The fun part: give your agent a body of data
Here’s what I really wanted to build. Once you have a clean, unified health API, exposing it to an LLM is the obvious next move — “How did I sleep last week?”, “Log my morning run”, “What’s my average resting heart rate this month?” should just work.
So Shiny.Health.Extensions.AI turns IHealthService into Microsoft.Extensions.AI tool functions. I deliberately did not generate one tool per metric — 25 near-identical tools is how you confuse a model. Instead there’s a single get_health_metric tool with a metric enum, and the enum only contains the metrics you opted in. Read-only by default; write is opt-in per area.
builder.Services.AddHealthAITools(tools => tools
.AddAllMetrics() // read everything numeric
.AddMetric(DataType.Weight, HealthAICapabilities.ReadWrite)
.AddBloodPressure(HealthAICapabilities.ReadWrite)
.AddCycleTracking()
.AddWorkouts(HealthAICapabilities.ReadWrite)
.AddNutrition()
);
var tools = sp.GetRequiredService<HealthAITools>().Tools;
var response = await chatClient.GetResponseAsync(messages, new ChatOptions { Tools = [.. tools] });
That’s it. The model can now read and (where you allow it) write health data through natural language. The whole package is AOT-compatible — schemas are hand-built and results come back as JsonNode, so there’s no reflection in the tool path.
I’m not going to lie to you about the platforms
A unified API is great right up until it papers over a real difference and burns you. So where the platforms genuinely disagree, Shiny Health surfaces it instead of hiding it:
- Heart rate variability is SDNN on iOS and RMSSD on Android. Both in milliseconds, both “HRV”, but computed differently — don’t compare them across platforms.

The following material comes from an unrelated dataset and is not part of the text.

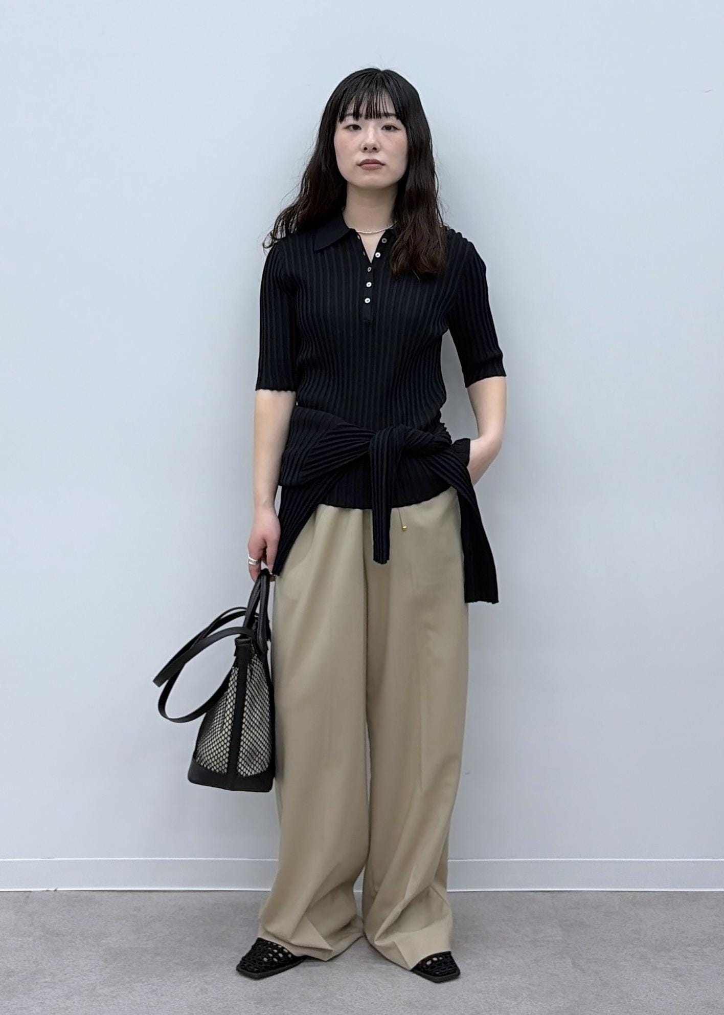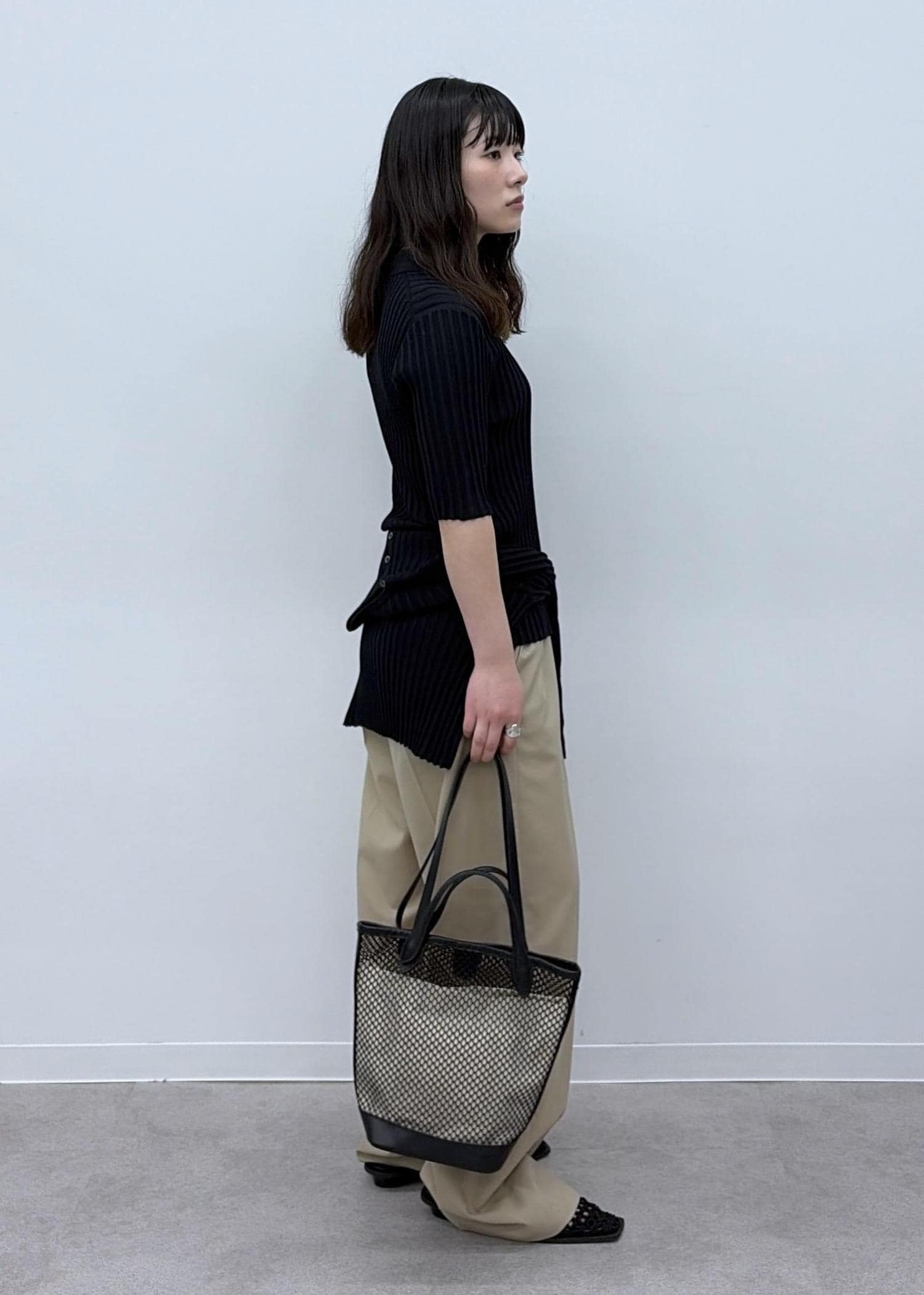 予約SALON adam et ropé【WS(ドゥーブル)】ダブルハンドルメッシュトートブラック / F¥17,600レビュー【サイズ感】
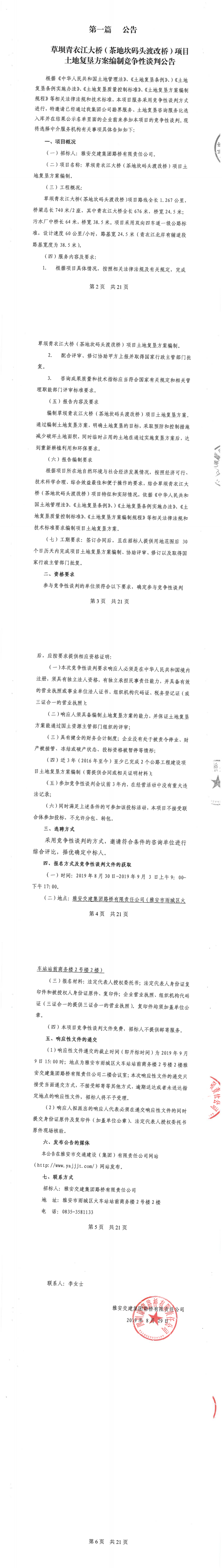 雅安交建集團路橋有限責任公司草壩青衣江大橋(茶地坎碼頭渡改橋)土地復(fù)墾方案編制競爭性談判公告

- Speed and Power are generic on Health Connect; HealthKit has no generic versions, so
Speedmaps to walking speed andPowerto cycling power. - A workout’s energy and distance are
nullon Android read, because Health Connect stores those as separate records from the session.
Those caveats are in the XML docs and the platform notes — I’d rather you know up front than file a bug.
Try it
dotnet add package Shiny.Health
dotnet add package Shiny.Health.Extensions.AI # optional, for the agent stuff
Docs are at shinylib.net/health, source is on GitHub. One interface, both platforms, 30+ metrics — and now an agent that can read and write all of them. Go build something healthy.